Data extracted from a collection =
........

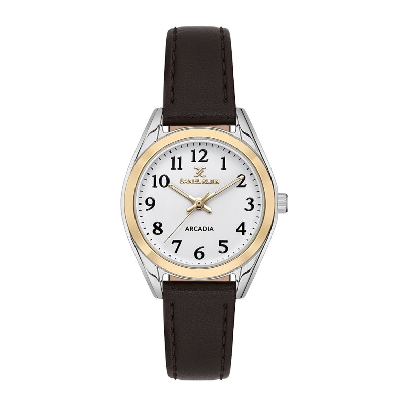 Дамски часовник Daniel Klein с класиески дизайн от колекцията Arcadia. Моделът е с аналогов дисплей и минерално стъкло. Метален корпус в комбинация с каишка от естествена кожа. Задвижва се от кварцов механизъм. Водоустойчивост 3 ATM - допускат се леки пръски, не се препоръчва обилно мокрене.
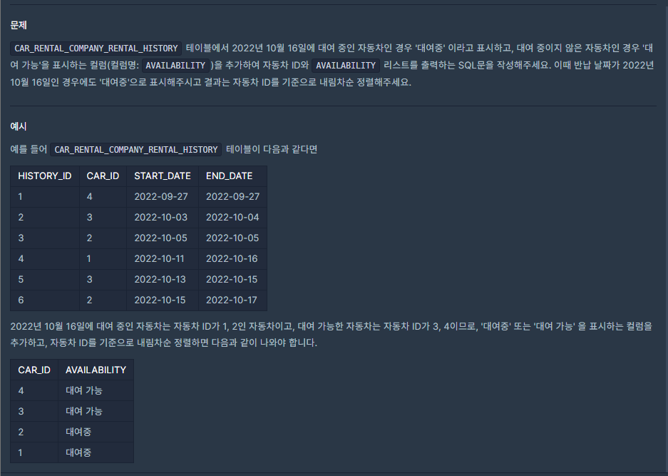 [프로그래머스 ORACLE SQL]자동차 대여 기록에서 대여중 / 대여 가능 여부 구분하기★CASE WHEN THEN
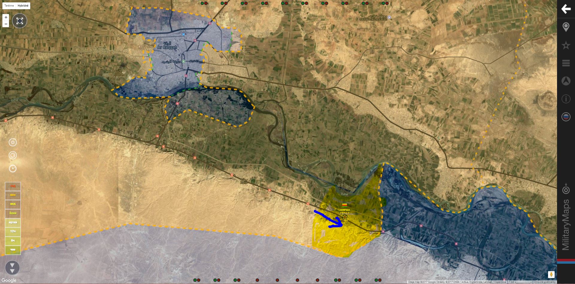 https://twitter.com/A7_Mirza/status/884424399675428867Aktualizácia mapy podľa MiliearyMaps, včera:IgorT píše: ↑10 črc 2017, 14:47SAA+ je "v laufe", získala ďalšie územie (Risha dam & hill, Jabal Makhoul, Bīr Makhoul & Sees mountain )IgorT píše: ↑10 črc 2017, 12:54SAA+ vrazila do územia rebelov obsadením Jabal Sis, Tel Makhoul a Tel SidrišaIgorT píše: ↑10 črc 2017, 12:18Daraa. SAA+ udrela SV od mesta a získala územie od Tlul Salman na severe po Tel Saad na juhu.
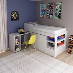 A Cama Solteiro com Escrivaninha para Colchão 88 x 188 cm Multimóveis CR35067 é produzida em MDP com acabamento em BP (Suporta até 130kg), o que garante maior durabilidade e resistência. Produto com diversas funcionalidades para agregar conforto e praticidade no ambiente. Conta com gaveta, prateleiras e nichos com um amplo espaço para armazenar itens pessoais ou de decoração. Possui escrivaninha retrátil para otimização de espaço possibilitando que seu filho tenha um cantinho de estudos no conforto do seu quarto.
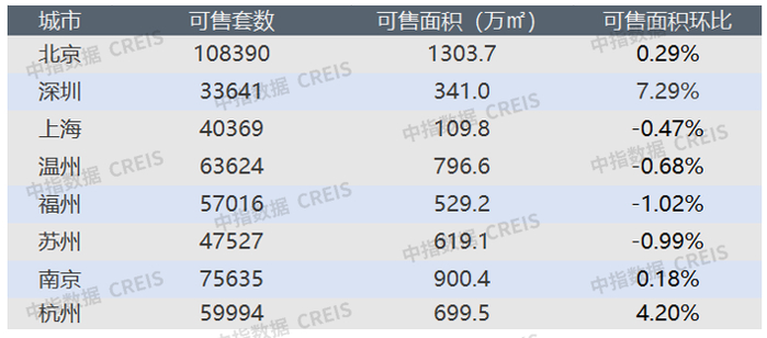 ▌库存:库存总量略有上涨,深圳、杭州可售环比涨幅较大
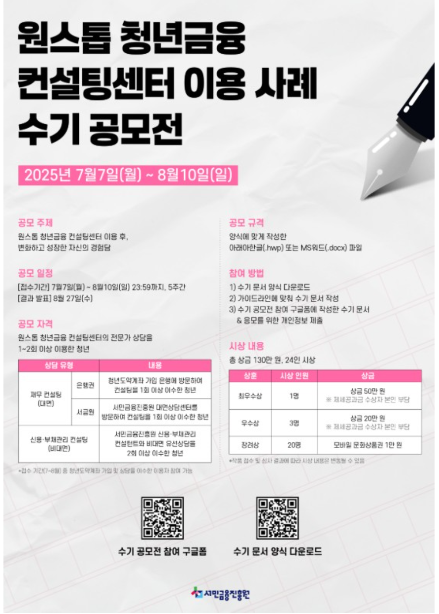 2025년 7월 7일부터 8월 10일까지 진행되는 이번 공모전은, 전문가 상담을 받은 청년이 자신의 변화와 성장을 이야기하는 내용을 주제로 합니다. 제출 방법은 간단해요! 서민금융진흥원 홈페이지에서 공모전 양식을 다운로드 후 작성하여 구글 폼으로 제출하면 됩니다.
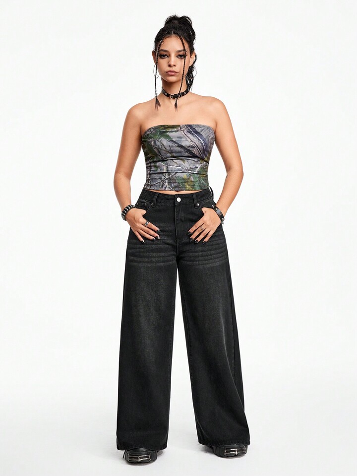 Grunge Punk Jeans holgados con bolsillo trasero, decorado con bordado y rhinestones para mujeres
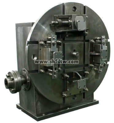精密分度頭模塊:主要由蝸輪蝸桿、箱體、圓錐軸承、卸荷式裝置、工作臺面等組成,采用工業(yè)用萬能分度頭的結構,通過電磁離合器的配合可實現(xiàn)對工作臺進行四分度??赏瓿删芊侄阮^的裝配工藝及精度檢測實訓。
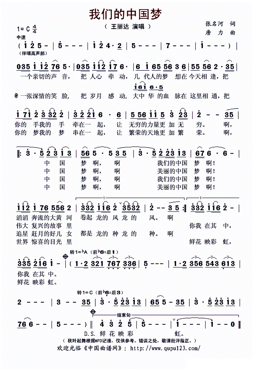 中国梦简谱 张攀峰词 常继红曲 民歌曲谱 中国曲谱网
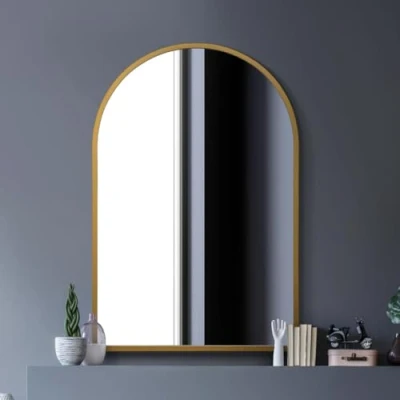 MirrorOutlet Arched Modern Gold Large Metal Wall Mirror: 120 x 80cm Suitable for Bedroom, Living Room, Dressing and spaces.
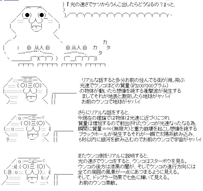 光の速さでケツからうんこ出したらどうなるの?【有名コピペが生まれたスレ!】 2022/12/30 不思議.net 1: 練習生(大阪府) 2007/04/07(土) 12:51:52.31 ID:KE08BO+y0 ツェペリみたいに飛べるの? 管理人です! 年末・年始は過去の名作や、おすすめ記事をお送りしています。 管理人です! 有名なコピペで『光の速さでケツからうんこ出したらどうなるの?』っていうのがありますが、それの元ネタとなったスレを見つけたのでまとめてみました! ↓これの元ネタになったスレですね。(クリックで拡大) ぼーうが一本あったとさーwwwwwwwwww【有名コピペが生まれたスレ】 http://world-fusigi.net/archives/9012968.html 続きを読む Source: 不思議.net
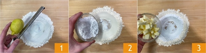 Um die Hasenkekse zuzubereiten, bereitet ihr zuerst den Mürbeteig zu. Gebt das Mehl auf die Arbeitsfläche und formt die klassische Fontäne, dann fügt die Schale einer Zitrone 1, den Puderzucker 2 und die Butter in Würfeln 3 hinzu.
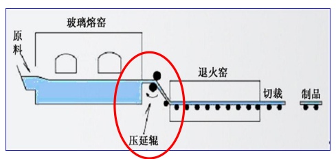 1、玻璃在两个压延辊的挤压作用下挤出成垊/p>
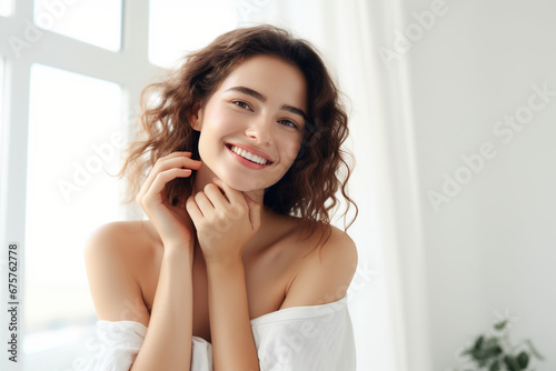 Woman slaves to skin care Nourish facial and body skin
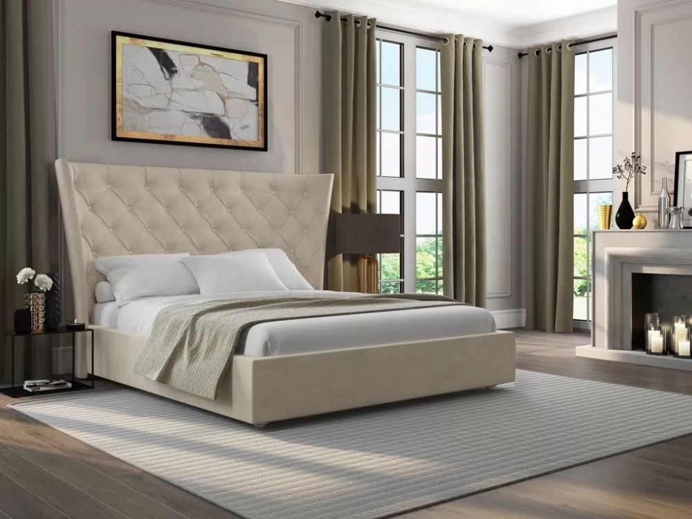Очаровательная кровать Ника с высокой королевской спинкой, украшена каретной стяжкой c пуговицами или со стразами на выбор. Эта модель будет отлично смотреться в спальне с любым интерьером. Закругленное мягкое изголовье создаст атмосферу уюта и защищенности. Приятный материал обивки, надежный каркас, удобное основание. Кровать доступна в комплекте с анатомическим основанием (решеткой) или с прямым подъемным механизмом.
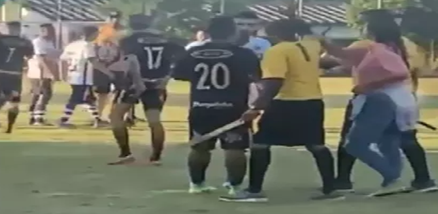 A briga ocorreu em uma partida entre os times Israel Futebol Clube e Figueira, em um campo no Jardim Pinheiros. No vídeo, é possível ver pessoas tentando conter o bandeirinha que segura o facão – assista acima.
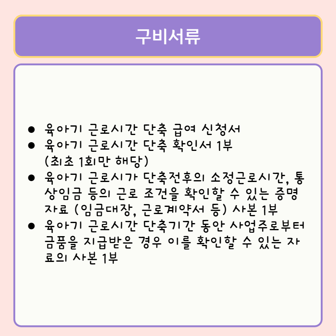 구비서류 육아기 근로시간 단축 급여 신청서 육아기 근로시간 단축 확인서 1부(최초 1회만 해당) 육아기 근로시가 단축전후의 소정근로시간, 통상임금 등의 근로 조건을 확인할 수 있는 증명자

........

Task to carry out = Reproduce the lines above, exactly and exclusively, from the line containing "Um die Hasenkekse" down to the last line, both included; pictures are not part of the copy.

Response to the task =
 Um die Hasenkekse zuzubereiten, bereitet ihr zuerst den Mürbeteig zu. Gebt das Mehl auf die Arbeitsfläche und formt die klassische Fontäne, dann fügt die Schale einer Zitrone 1, den Puderzucker 2 und die Butter in Würfeln 3 hinzu.
 1、玻璃在两个压延辊的挤压作用下挤出成垊/p>
 Woman slaves to skin care Nourish facial and body skin
Очаровательная кровать Ника с высокой королевской спинкой, украшена каретной стяжкой c пуговицами или со стразами на выбор. Эта модель будет отлично смотреться в спальне с любым интерьером. Закругленное мягкое изголовье создаст атмосферу уюта и защищенности. Приятный материал обивки, надежный каркас, удобное основание. Кровать доступна в комплекте с анатомическим основанием (решеткой) или с прямым подъемным механизмом.
 A briga ocorreu em uma partida entre os times Israel Futebol Clube e Figueira, em um campo no Jardim Pinheiros. No vídeo, é possível ver pessoas tentando conter o bandeirinha que segura o facão – assista acima.
 구비서류 육아기 근로시간 단축 급여 신청서 육아기 근로시간 단축 확인서 1부(최초 1회만 해당) 육아기 근로시가 단축전후의 소정근로시간, 통상임금 등의 근로 조건을 확인할 수 있는 증명자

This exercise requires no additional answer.